Although Monster's older – c'mon, favorite – kid, Beats By Dre, has moved out of the house, that won't stop it from trying to strike gold again.
Monster Inspiration Lite, the fashionable on-ear flavor in the Inspiration series, rocks with the familiar genes of style and booming sound. At $269 (about £234, AU$338), are these new, US-exclusive headphones appealing enough to attract more than just the chic geek?
Similar to Moto 360, the forthcoming Apple Watch and other svelte devices, Monster's going for the high-class crowd by touting the Inspiration Lite headphones as a "catwalk-ready fashion statement". Now, there's a phrase to polarize the crowd. Wherever you fall on the fashionista spectrum, there's a lot to like with these headphones.
The Inspiration Lite evoke a fresh and futuristic vibe, one that confidently says "forget everything you think you know about how Monster designs headphones". Our review unit is coated in the "Titanium" color palette, which for Monster is full of black, dark grey and blue tones.
Starting from the top, the leather headband is topped with an additional strap of stitched leather. It has a little too much slack on our model and it occasionally popped out of its housing, a small oversight that deflates my enthusiasm for the design.

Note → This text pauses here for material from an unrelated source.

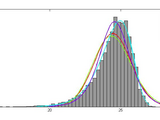 This small function is just an extend of MATLABs histfit() function, which fits one distribution of choice to a dataset. But sometimes its more usefull to see how different distribution fit to your data in one figure and to compare them visually. For this purpose i wrote this extended histfit function called multiplehistfit, which works quite similar to the original one.

Branching out from the leather headband, the unit shows off its brushed metal side arms, the design high-point of the Inspiration Lite. On the inner-side of the sidearms is where the hinges are hiding. While the headphones as a whole may at first feel rigid and bulky, they fold at the earcup to be surprisingly compact.
I make it a point to bring it up in every headphone review that I have a large head. My girlfriend can put most headphones on without adjusting the headband a notch, but I, unlike Ms. Perfect Head, need to stretch them out to at least 75% of their largest size. Thankfully, the Inspiration Lite adapts like a champ. Not only does it adapt, the rectangular earcups provide enough padding to make them a comfortable choice for a short 15-minute train ride or for say, long enough to write this review or fly across the country.
There's a 3.5mm input on each earcup giving you the option to choose which side the cable is on. Whichever input you don't use, anyone with a wired set of headphones can conveniently plug in to listen to what you're listening to. It's called MusicShare and it's a simple, but much welcome feature.
Additionally, the 3.5mm audio cable is flat and has the complete offering of inline controls with a mic, a cable with a 2.5mm connector for in-flight use and a microfiber cloth for wiping away fingerprints. There's also a little bag in the box that you can use to tote the Inspiration Lite around in.
Much like you would with a pair of shoes, Monster recommends "breaking-in" these headphones with a 20-30 hour trial run. There's quite the debate on this topic. Some say (including most manufacturers) that speaker hardware ripens over time, but others conclude that it's mostly marketing mumbo jumbo that we accept to be true. This rigorous in-depth testing even proves it to be false.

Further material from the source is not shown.